OK. Last tests were OK. There are still some issues. For instance, using RAB13:
$ gtftk get_example -d mini_real | gtftk select_by_key -k gene_name -v RAB13 | gtftk select_by_key --select-transcripts | gtftk 5p_3p_coord -t transcript | bedtools sort
chr1 153985361 153985362 ENSG00000143545|ENST00000484297 0 -
chr1 153985365 153985366 ENSG00000143545|ENST00000614713 0 -
chr1 153986245 153986246 ENSG00000143545|ENST00000462680 0 -
chr1 153986351 153986352 ENSG00000143545|ENST00000368575 0 -
chr1 153986357 153986358 ENSG00000143545|ENST00000495720 0 -
Unfortunatly, calling select_most_5p_tx, we don't get the most 5'.

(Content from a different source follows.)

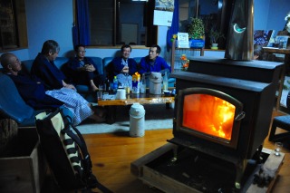 ![]() しっかり食べた(飲んだ)後は、暖炉の周りで盛り上がりました。 |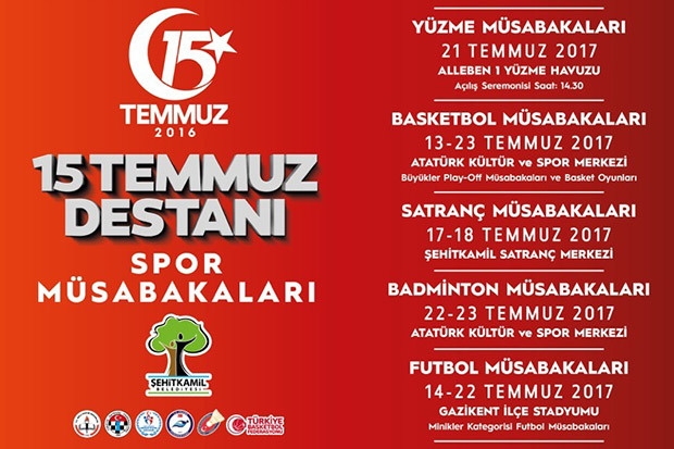 15 Temmuz Destanı ve Şehitleri Anma etkinleri çerçevesinde Şehitkamil Belediye Başkanlığınca, basketbol, badminton, futbol, satranç ve yüzme branşlarında düzenlenecek olan spor müsabakaları farklı yaş gruplarından yüzlerce öğrencinin katılımıyla gerçekleştirilecek. 15 Temmuz gecesi ruhunun yaşayarak anlatılacağı sportif etkinlikler,Temmuz ayı sonuna kadar büyük bir coşku ile sürdürülecek.

$ gtftk get_example -d mini_real | gtftk select_most_5p_tx | gtftk select_by_key -k gene_name -v RAB13 | gtftk select_by_key --select-transcripts | gtftk 5p_3p_coord -t transcript | bedtools sort
chr1 153985365 153985366 ENSG00000143545|ENST00000614713 0 -
The same problem is encountered on CRABP2.
Maybe it is not strand specific ?
Also, what is the rule in case of Ties ?
Hi Fa, Did you have any time to have a look to this one ? Best
Hello, I'm back to GTFTK. I'll try to look at that this afternoon.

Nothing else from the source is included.